The British Pound certainly failed to hold its ground on Monday, and the GBP/USD may continue retrace the advance from earlier this year as it breaches the March low at 1.5936. As the Bank of England is scheduled to testify on its inflation report in front of Parliament, dovish comments from the central bank is likely to spark a bearish reaction in the British Pound, and the reversal in the pound-dollar could gather pace over the next 24-hours of trading as market participants speculate the MPC to expand policy further over the coming months. In turn, the exchange rate may fall back towards the swing low seen back in January around 1.5750 as it searches for support, but we could see a near-term correction before there’s a larger move to the downside as the relative strength index continues to hold above oversold territory.

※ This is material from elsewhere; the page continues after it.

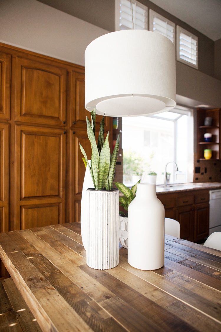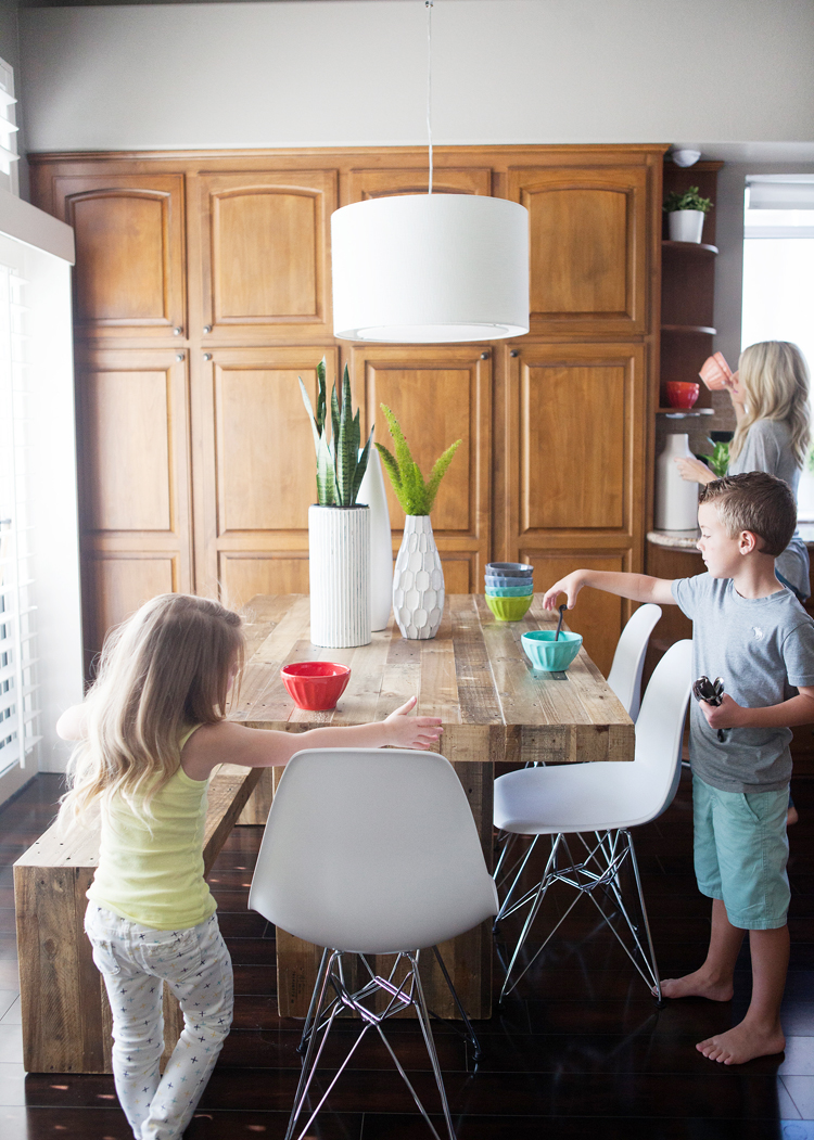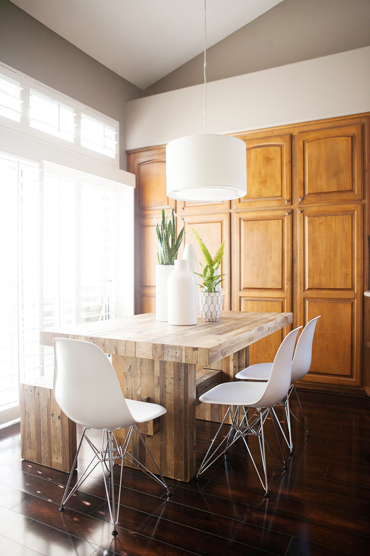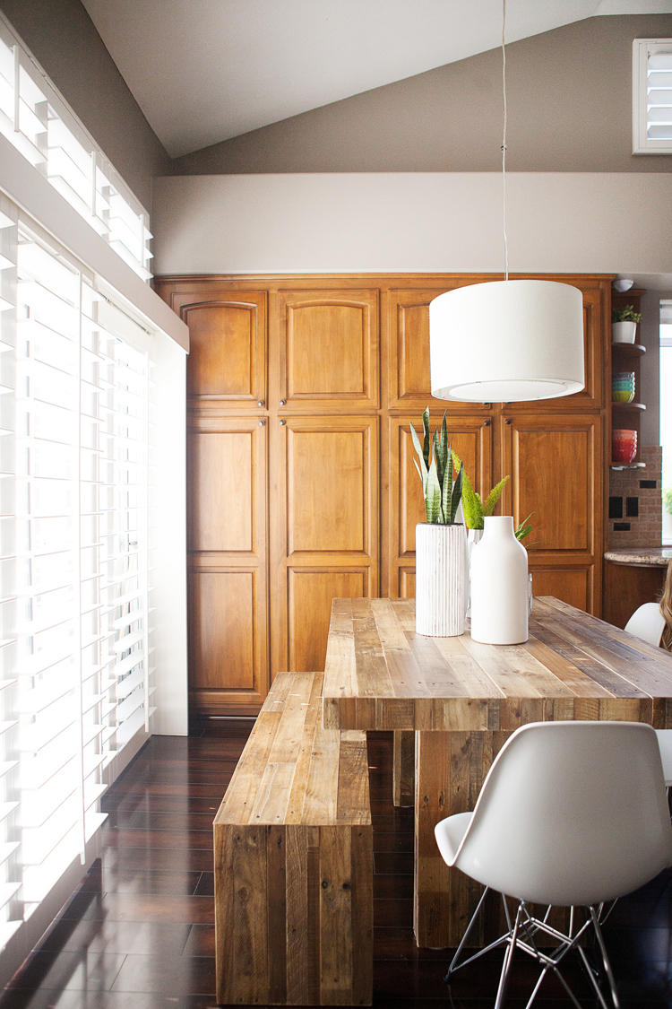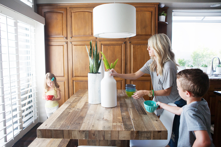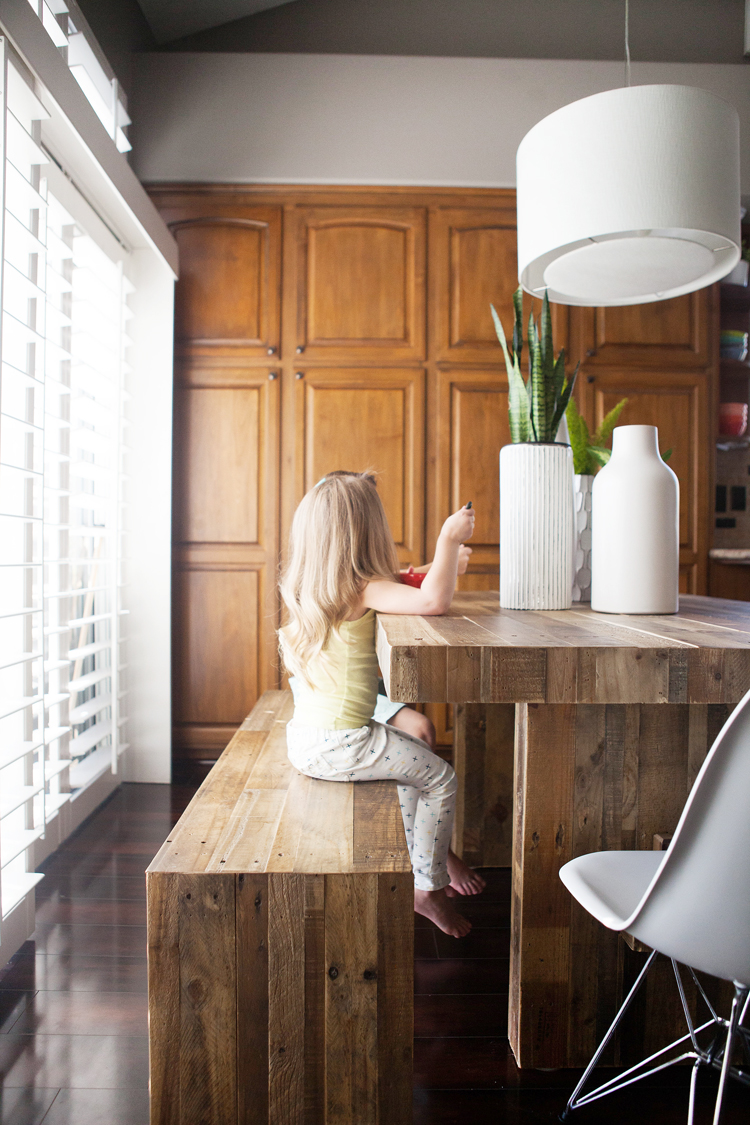 If you don’t know we live in a tiny, teeny, extra small (for six people) house in Southern California. It was quite old when we bought it, but we had it painted, replaced the wood floors + carpet and got new baseboards. Little by little we’ve updated each room over the last four years. Well, we finally got to the dining room part of the house. Since the day we moved in we wanted a new dining table, one that would seat our growing family, but with the awkward lay-out and really little space given no table fit or was big enough for all our people. Plus, I wanted something we could “live” on and I wouldn’t have to worry about the kids scratching or denting it.

U.S. dollar price action was largely mixed during the overnight trade, but the greenback appears to be regaining its footing as the slew of dismal data coming out of the world’s largest economy bears down on risk sentiment. Indeed, the slower pace of income growth paired with the downturn in personal spending reinforces a weakened outlook for future growth, and the risk-off trading environment may prop up the reserve currency throughout the North American trade as it benefits from safe-haven flows. However, an improvement in the Dallas Fed manufacturing report could impeded on the U.S. dollar rally as currency traders to increase their appetite for yields, but the shift away from risk-taking behavior is likely to gather pace over the near-term as the Federal Reserve starts to withdraw monetary stimulus.